EMCD CEO: Bitcoin Miners Can Become Profitable Again
Bitcoin mining has always been a margins business, now more so than ever. The difference between profit and loss can come down to electricity prices, machine performance, pool fees, or even how many shares get rejected before they reach the network.
That pressure became more serious after the 2024 Bitcoin halving. The block reward dropped, while mining difficulty in 2026 has stayed above 135T. For many miners, the electricity cost alone to mine one Bitcoin has moved above $74,000.
That leaves less room for waste, and a business can quickly become unprofitable. This is the problem EMCD and Vnish are trying to address.
The new partnership brings together EMCD’s mining pool infrastructure with Vnish’s firmware technology, which holds a 26.4% global market share.
The goal is to help miners find where they are losing money and improve profitability without simply buying more machines.
At Consensus 2026 in Miami, EMCD founder and CEO Michael Jerlis described a market where miners need more practical support from infrastructure providers.
“Before, pools and machine manufacturers were just service providers,” Jerlis said. “Now, it looks like they became more partners with the miners.”
https://www.youtube.com/watch?v=kKIiqJ-3NMU
Where Bitcoin Miners Are Losing Money
The losses often start at the machine level.
Factory firmware usually applies the same voltage settings across ASIC chips. The problem is that chips do not perform equally. Stronger chips may be held back, while weaker chips can overheat. According to the partnership materials, this can leave up to 25% of potential hardware performance unused.

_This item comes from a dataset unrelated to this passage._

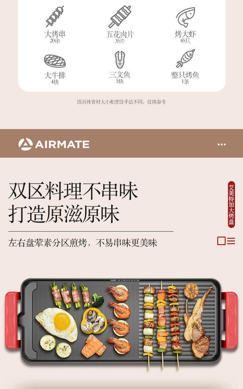 Airmate Barbecue Grill Electric Grill Barbecue Rack Household Smokeless Multi-Functional Electric Grill Pan Barbecue Machine Korean-Style Barbecue Plate
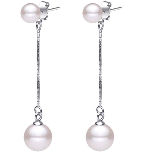 Onefeart Placcato Nell'oro Bianco Orecchini pendenti Donne Ragazza Tondo Perla lungoppa Design Signora Stile 6X10MM Oro bianco

Then come pool-related costs. A pool fee difference between 1.5% and 4% may seem small, but over a year, that gap can eat into a meaningful share of a miner’s gross output.
Rejected shares create another quiet drain. When the latency to pool servers is high, miners still spend electricity on calculations that do not get accepted.
EMCD and Vnish estimate that this can possibly reduce monthly income by another 2% to 5%.
Jerlis summed up the pressure clearly.
“All miners have the same troubles,” he said, pointing to operating costs, electricity prices, software providers, and equipment sellers.
How the Partnership Helps
The EMCD–Vnish service focuses on practical fixes rather than broad promises. It includes hashboard diagnostics, tuning, network-loss reduction, mining optimization steps, and audits from EMCD and Vnish experts.